Prevention and mitigation layers in hazardous events

Jun 05, 2019 / by GM International

Topics: Safety news

Safety within a production plant entails the adoption of a multipurpose approach encompassing aspects such as control, design, implementation and system testing within the plant, besides the safety of the whole plant, from suppliers to personnel, up to the documents relating to the activities undertaken and the measures adopted. The approach is therefore consistent and measurable, taking into account the entire life cycle of safety systems.

The risk is to be first understood, analyzed and then addressed.


The risk in a plant environment

What is the risk in a plant system? It refers to the possibility for a given catastrophic event to occur and is the outcome of three factors: hazardousness, i.e. the possibility that a given event may occur with a given frequency in a given context; vulnerability, i.e. the degree of damage suffered by persons, facilities or the environment; and extent, i.e. the set of goods or persons endangered by the damage.
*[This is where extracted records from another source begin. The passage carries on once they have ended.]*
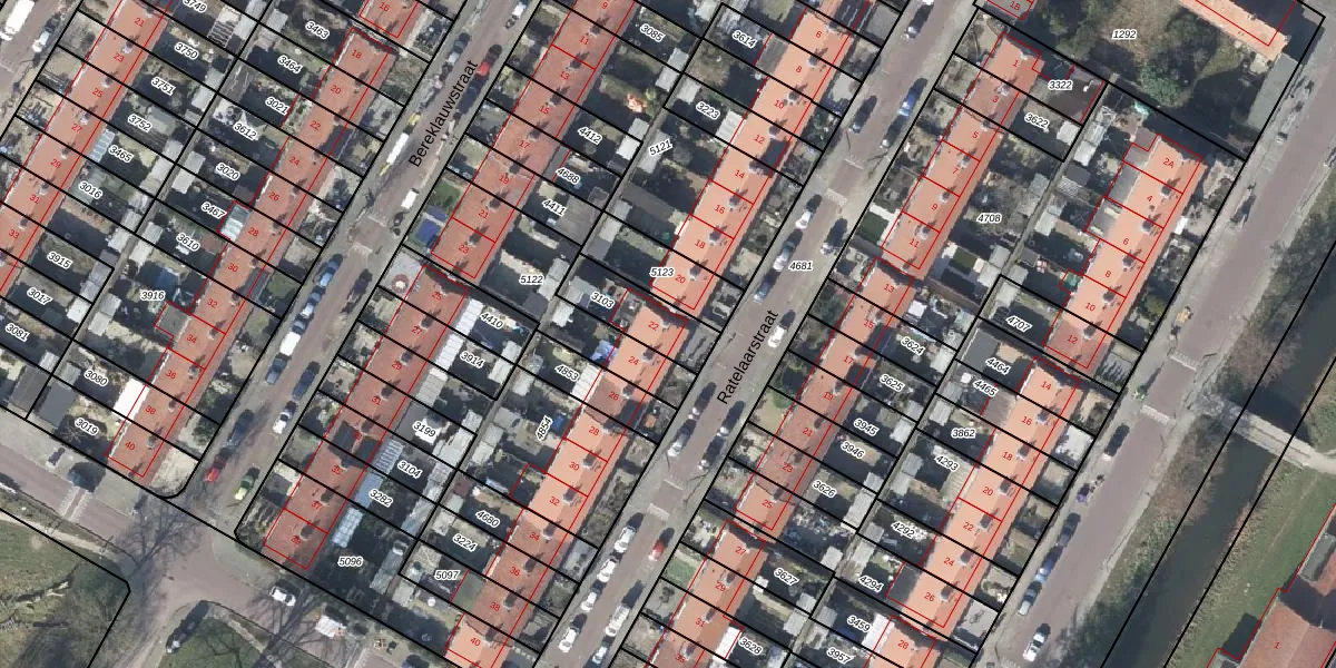 Het perceel waarop Ratelaarstraat 22 staat heeft een oppervlakte van 175 m². Dit is een middelgroot perceel. De perceeloppervlakte wordt geregistreerd door het Kadaster. Gedetailleerde informatie over de maten van dit perceel kunt u vinden in het rapport Kadastrale kaart met maatvoering van Ratelaarstraat 22.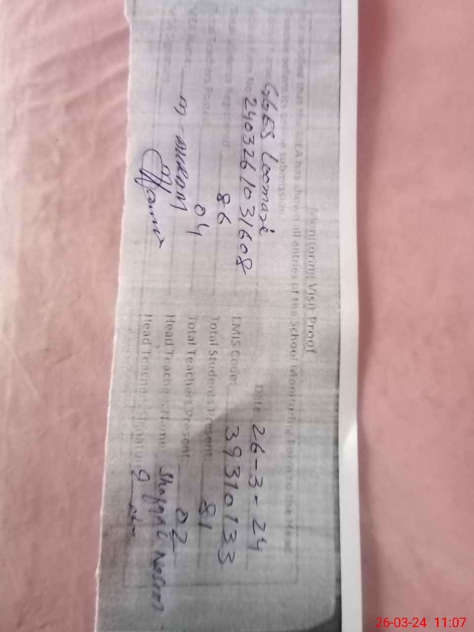 | Certified that this School was Inspected by the Undersigned MEA/DMO Today and the Information Stated Above is as Per Record. | |||||
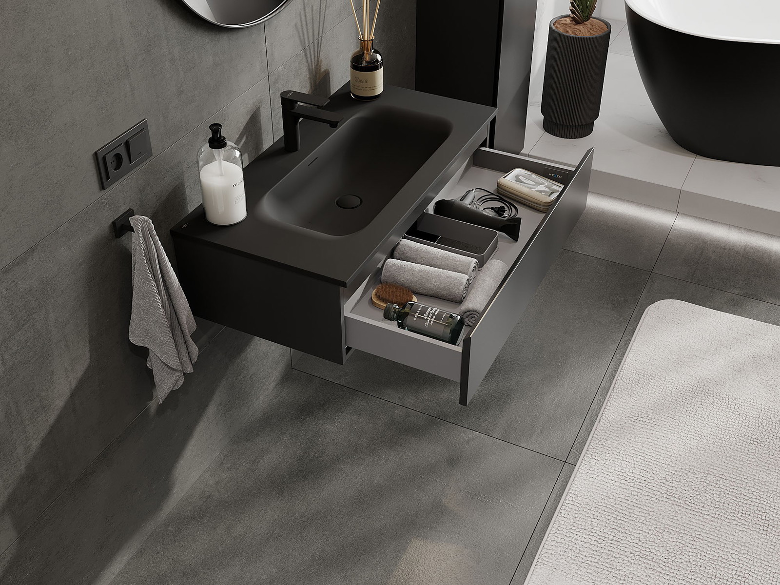 Výrez v zásuvke je navrhnutý tak, aby pojal sifón, ktorý je nevyhnutný v umývadlových inštaláciách. Vďaka tomu môže byť nábytok namontovaný plne funkčne, bez nutnosti vzdávať sa priestoru v zásuvke v prospech inštalácie.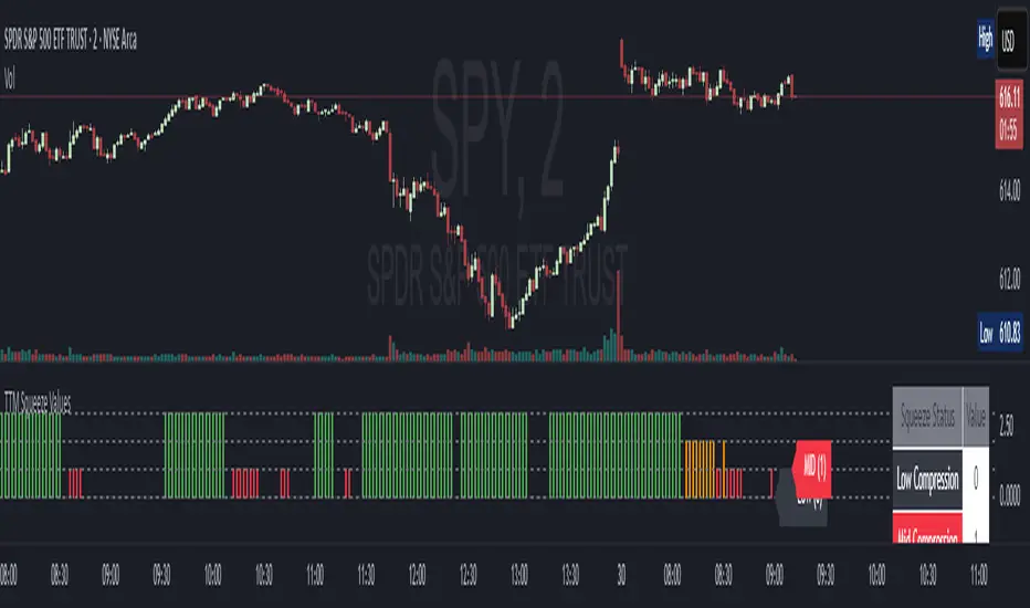 The TTM Squeeze Value Oscillator converts the popular TTM Squeeze indicator into a screenable format by outputting specific numerical values and binary signals (1 or 0) that can be filtered in TradingView's screener tool.

Risks are addressed in two ways: through prevention, to minimize the probability of a dangerous event, and then through mitigation, to reduce the effects of a dangerous event or its consequences. In short, these are represented by a series of precautions taken at the design and management stages; in addition to Good Engineering Practice (Gep), they are commonly identified as "stand-alone protection layers". In order to identify and evaluate the relevant effectiveness in terms of risk reduction, there are specific formal procedures defined by the IEC 31010 standard, such as LOPA (Layer Of Protection Analysis), HAZOP (HaZard and OPerability studies), or QRA (Quantitative Risk Assessment).


Prevention and mitigation layers

Protection levels, or layers, are therefore barriers between the dangerous event and everything that needs to be protected. These can be divided into prevention layers, i.e. process plants, process control systems and safety systems, and mitigation layers, such as physical containment measures, plant evacuation procedures and the general emergency response. CCPS (Center for Chemical Process Safety) of AIChE (American Institute of Chemical Engineers) provides for eight protection layers, ranging from process design to general emergency response, including standard monitoring, warnings, operators' oversight, critical warnings, manual procedures, automatic actions (SIS or ESD), physical protection and the plant's safety plan.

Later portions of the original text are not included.